No. No. No. No. No.  The chance of a team getting one hit in a given inning
is about the same chance as a team getting two hits in an inning given that
the lead off batter already got a hit.  The only reason why the odds are
a little different is due to the fact that the guy who got a hit may be
out while running the bases.

All this discussion reminds me of a story about a guy who called up the
airlines and asked "What are the odds that there will be a bomb on the plane?"
The airlines said "about a 1000 to 1".  He then asked what are the odds of
two bombs being on the same plane.  The airlines said "about a million to 1".
"Oh, I like those odds better" he said.  He then brought a bomb on the plane
so he could get the million to one odds.

--
Warren Usui

uunet!lcc!aardvark

Quote:

>    You aren't arguing what I'm arguing. I'm arguing that from the
start of
> an inning, the chances of the batting team getting two hits in that
inning is
> far less than getting just one hit in that inning. This argument is
NOT
> incorrect. It might not be relevant, but it isn't incorrect.

True.  However, the chance of getting a second hit in an inning
after getting a lead-off hit is NOT lower than the chance of
getting one hit in an inning (any more than the chance of tossing
heads is lower if you just tossed heads; it's still 50-50 to toss
another).  Based on probablility alone, you should have the same
chance to get another hit after a lead-off single as there was
to get a single hit in the first place.  Actually, since batting
averages seem to go up a bit with men on base, the chance of
getting that second hit is actually somewhat higher than
getting the first hit.

--
Jim Mann

Sherri's table again

Quote:
>>>Effect of first event in inning, both leagues, 1984-1991

>>>Leadoff             Prob of >= 1 run     Avg. number of runs
>>>-------------------------------------------------------------
>>>single      .428                    .855
>>>walk                .432                    .865
>>I'm assuming that over eight years of data, the difference is statistically
>>significant.
>IS the difference statistically significant?
>Over 8 years of data,
>there have been (8 years)*(162 games/year/team)*(26 teams) = 33696 leadoff

off the game. Maybe I'm wrong. Two teams play each game (so divide
the above by 2). About 18 half innings are played on average (so
multiply by 18) per game. I think your "n" is off by factor of 9.
I think the whole mess yields standard error around .0005 for col 1
in the table. If the table refers only to leading off the game
then cancel what I just wrote.
Gerry

Quote:

>> No, Brandon, that is *not* what you were arguing.  You were arguing that
>> "two hits less likely than one" interpretation of the gambler's fallacy.

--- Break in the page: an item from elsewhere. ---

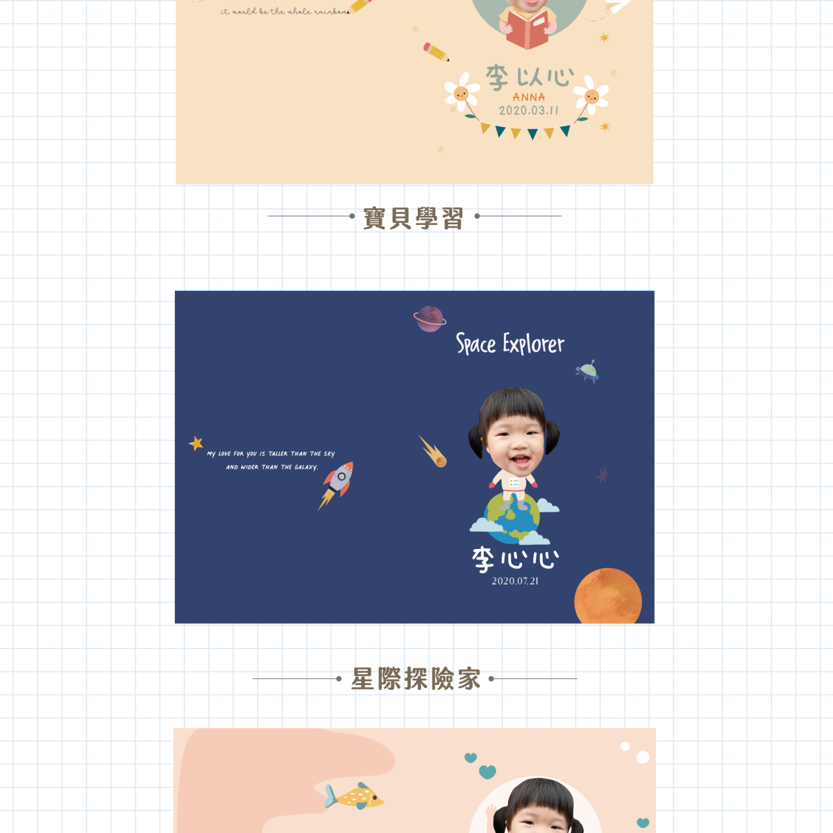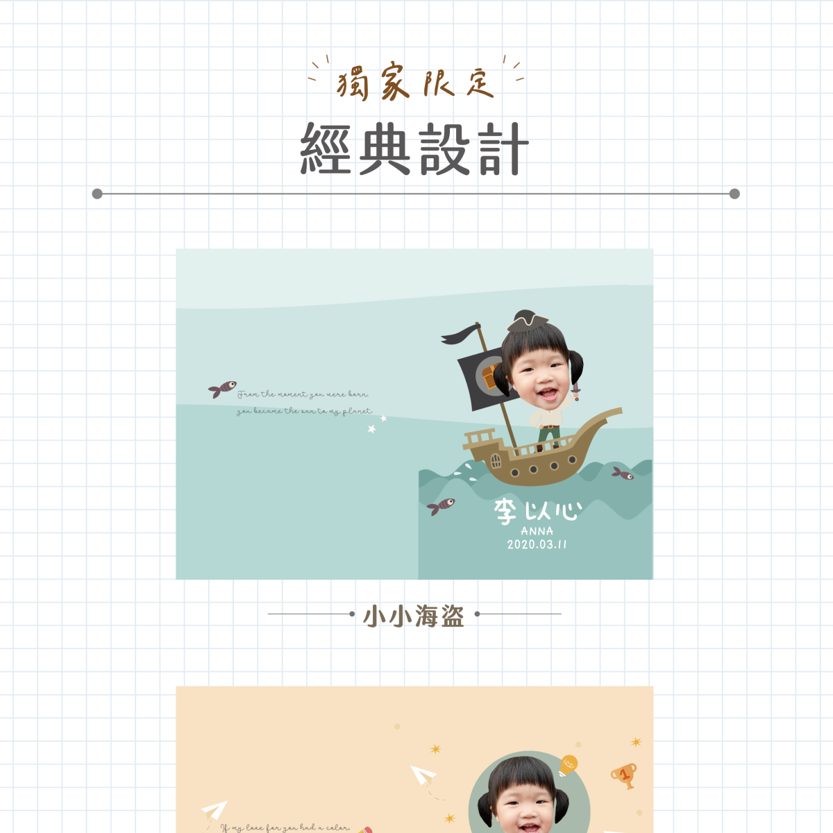 5 款風格主題中挑選,搭配寶寶專屬姓名、生日與可愛頭像客製,

>    Yes, I did say this, but I was looking at it from the *start* of the
>inning, not *after* the first batter reached base. This ain't the gambler's
>fallacy (though it is largely irrelevant). From the start of an inning, there
>is a slightly better chance of a team scoring if the first runner reaches
>via walk than hit, since in most cases they will only get 1 hit/inning.

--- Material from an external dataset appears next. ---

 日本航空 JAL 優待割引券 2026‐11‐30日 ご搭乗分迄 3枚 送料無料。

Don't bother with him, Roger.  He not only doesn't know enough
mathematics to figure out the right answer on his own, he doesn't know
enough mathematics to realize that he is wrong when the correct answer
is handed to him on a silver platter.  The scary thing is that he
*still* probably understands probability theory better than your
average ballplayer/manager/GM/announce/baseball fan.

Quote:
>Excuse me for arguing philosophically rather than with statistical
>analysis, which you silly stat heads thrive on.

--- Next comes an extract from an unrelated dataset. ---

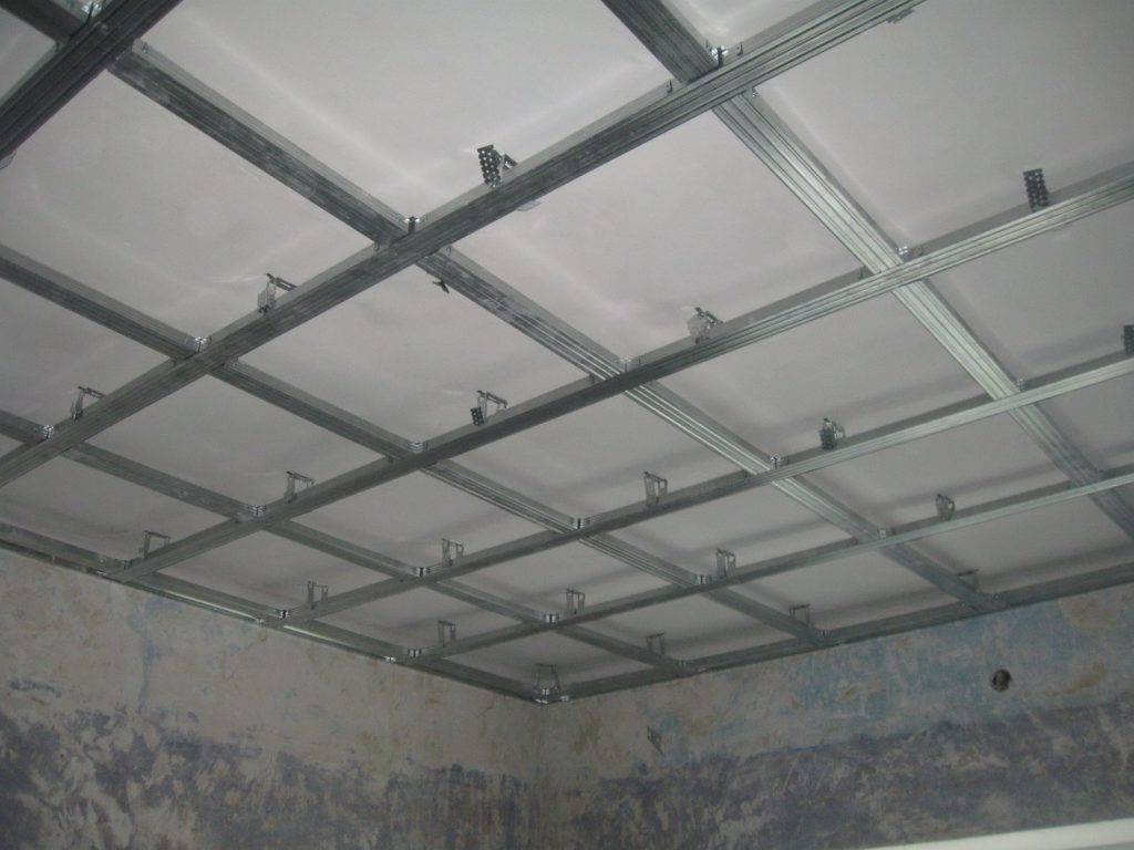 Si cela est plus simple, le cadre est maintenu sur des cintres en métal, qui sont montés dans le plafond lui-même à une certaine distance les uns des autres. La longueur des suspensions est identique, ce qui détermine la régularité du plafond par rapport au sol. Les suspensions retiennent les supports auxquels sont attachés des profils métalliques. Les matériaux de finition sont vissés dans les profilés eux-mêmes, en essayant d’arrimer les feuilles aussi soigneusement que possible.

Sorry, Brandon.  Your argument isn't a "philosophical" one either.
It's simply wrong.  It isn't even irrelevant.  And your insistence on
it looks *really* stupid to anybody who actually understands
probability theory.  (Which doesn't necessarily mean that you won't be
able to find people to agree with you.)

Quote:
>What does irk me is that you and the other stat
>heads are so damned rude to anyone who doesn't fall down and kiss your feet.

Aw!  I think I hurt his feelings.  Shame on me.  (Did anybody see me
demanding that he kiss my feet?  Frankly, I'd rather keep uneducated
idiots like him as far away from me as possible.)

Brandon states that 2 + 2 = 5.  I tell him (by e-mail, I think) that
he's wrong.  He tells me "It's not your newsgroup, I can argue that 2
+ 2 = 5 if I want to."

And I wasn't even rude, the first time.

<sigh>
-Valentine
--

Clemens four Cy Young!

Quote:

>    *This* is the person that line was meant for.

Well, then at least have the guts to name names.  *I* knew it was
meant for me, but you probably mislead a few of the innocent
bystanders.

Quote:
>Nope, you didn't hurt my feelings. I simply refuse to listen to anyone
>who is rude and arrogant, regardless of who is correct.

A sensible attitude.  If you don't like somebody, stick your fingers
in your ears and yell "I'M NOT LISTENING" at the top of your lungs.

I believe I ignored your first post.  (Knew *somebody* would correct
you.)  And didn't I respond by e-mail to the second with something
like: "You are wrong.  It is the gambler's fallacy.  Give it up."  I
don't remember the exact wording, but I don't think I was particularly
rude.  If that is being arrogant and rude, I certainly don't apologize
for it.

My later posts and replies were *quite* arrogant, rude, and
condescending.  But you are a pig-headed idiot who doesn't understand
third grade math.  Not to mention that I was rather surprised when you
took offense at that first letter.  (Do you blow up at *everybody* who
corrects you in absolute terms?)

Quote:
>If you are wrong, ignoring you doesn't matter, and if you are right,
>small-minded attacks on others, since you will only get more self-righteous.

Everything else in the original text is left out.